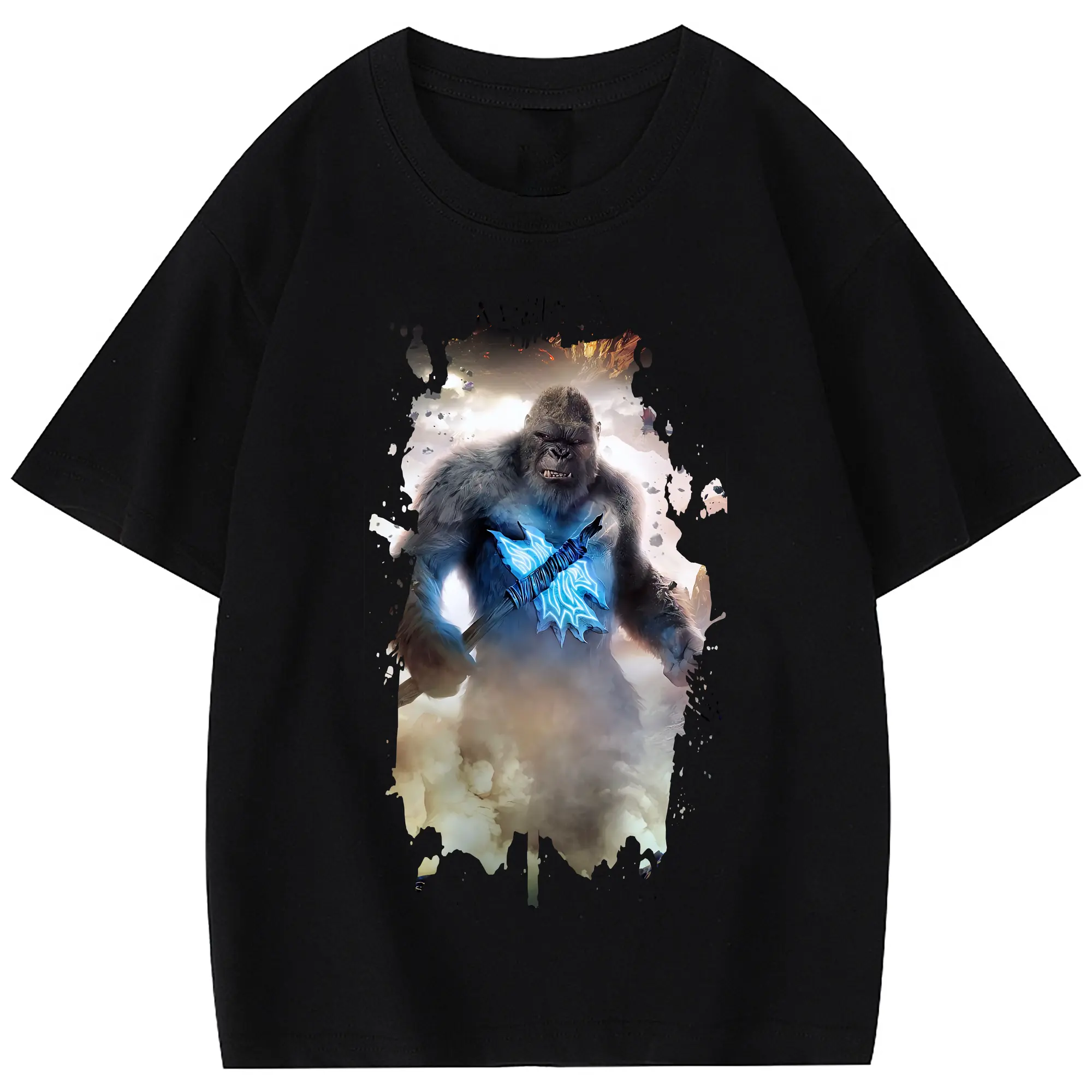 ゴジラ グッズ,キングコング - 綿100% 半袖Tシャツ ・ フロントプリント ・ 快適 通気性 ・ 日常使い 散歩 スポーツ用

==

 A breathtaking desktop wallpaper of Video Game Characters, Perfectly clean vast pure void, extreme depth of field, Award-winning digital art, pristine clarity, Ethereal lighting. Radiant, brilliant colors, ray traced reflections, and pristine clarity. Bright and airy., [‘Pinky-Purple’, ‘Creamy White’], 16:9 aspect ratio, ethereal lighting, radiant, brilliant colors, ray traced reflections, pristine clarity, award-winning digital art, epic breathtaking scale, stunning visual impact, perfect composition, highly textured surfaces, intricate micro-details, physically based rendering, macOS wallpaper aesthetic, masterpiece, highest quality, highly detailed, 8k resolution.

* * *

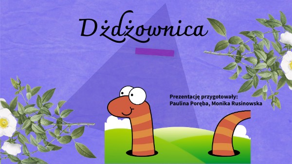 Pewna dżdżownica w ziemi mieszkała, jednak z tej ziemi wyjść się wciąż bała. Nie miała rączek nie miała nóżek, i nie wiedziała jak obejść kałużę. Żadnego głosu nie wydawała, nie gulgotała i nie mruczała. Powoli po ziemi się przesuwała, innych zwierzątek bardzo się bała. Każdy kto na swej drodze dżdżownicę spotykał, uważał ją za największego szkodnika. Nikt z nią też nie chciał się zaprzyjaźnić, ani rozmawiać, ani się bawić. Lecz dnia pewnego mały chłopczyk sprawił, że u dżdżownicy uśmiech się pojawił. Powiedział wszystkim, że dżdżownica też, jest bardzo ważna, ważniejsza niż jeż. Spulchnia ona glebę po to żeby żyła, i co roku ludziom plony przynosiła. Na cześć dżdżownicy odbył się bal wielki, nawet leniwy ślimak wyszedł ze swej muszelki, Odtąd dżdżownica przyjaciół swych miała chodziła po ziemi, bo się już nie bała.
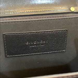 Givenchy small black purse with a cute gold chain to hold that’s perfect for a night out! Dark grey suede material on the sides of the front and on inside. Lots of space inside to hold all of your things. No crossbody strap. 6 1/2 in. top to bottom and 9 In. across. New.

| EXERCISE OBJECTIVE |
Look above for the line holding "Pewna dżdżownica w" and output everything from it down to the line holding "Givenchy small black", both ends included, exactly and without images.

| OUTPUT BELOW |
 Pewna dżdżownica w ziemi mieszkała, jednak z tej ziemi wyjść się wciąż bała. Nie miała rączek nie miała nóżek, i nie wiedziała jak obejść kałużę. Żadnego głosu nie wydawała, nie gulgotała i nie mruczała. Powoli po ziemi się przesuwała, innych zwierzątek bardzo się bała. Każdy kto na swej drodze dżdżownicę spotykał, uważał ją za największego szkodnika. Nikt z nią też nie chciał się zaprzyjaźnić, ani rozmawiać, ani się bawić. Lecz dnia pewnego mały chłopczyk sprawił, że u dżdżownicy uśmiech się pojawił. Powiedział wszystkim, że dżdżownica też, jest bardzo ważna, ważniejsza niż jeż. Spulchnia ona glebę po to żeby żyła, i co roku ludziom plony przynosiła. Na cześć dżdżownicy odbył się bal wielki, nawet leniwy ślimak wyszedł ze swej muszelki, Odtąd dżdżownica przyjaciół swych miała chodziła po ziemi, bo się już nie bała.
 Givenchy small black purse with a cute gold chain to hold that’s perfect for a night out! Dark grey suede material on the sides of the front and on inside. Lots of space inside to hold all of your things. No crossbody strap. 6 1/2 in. top to bottom and 9 In. across. New.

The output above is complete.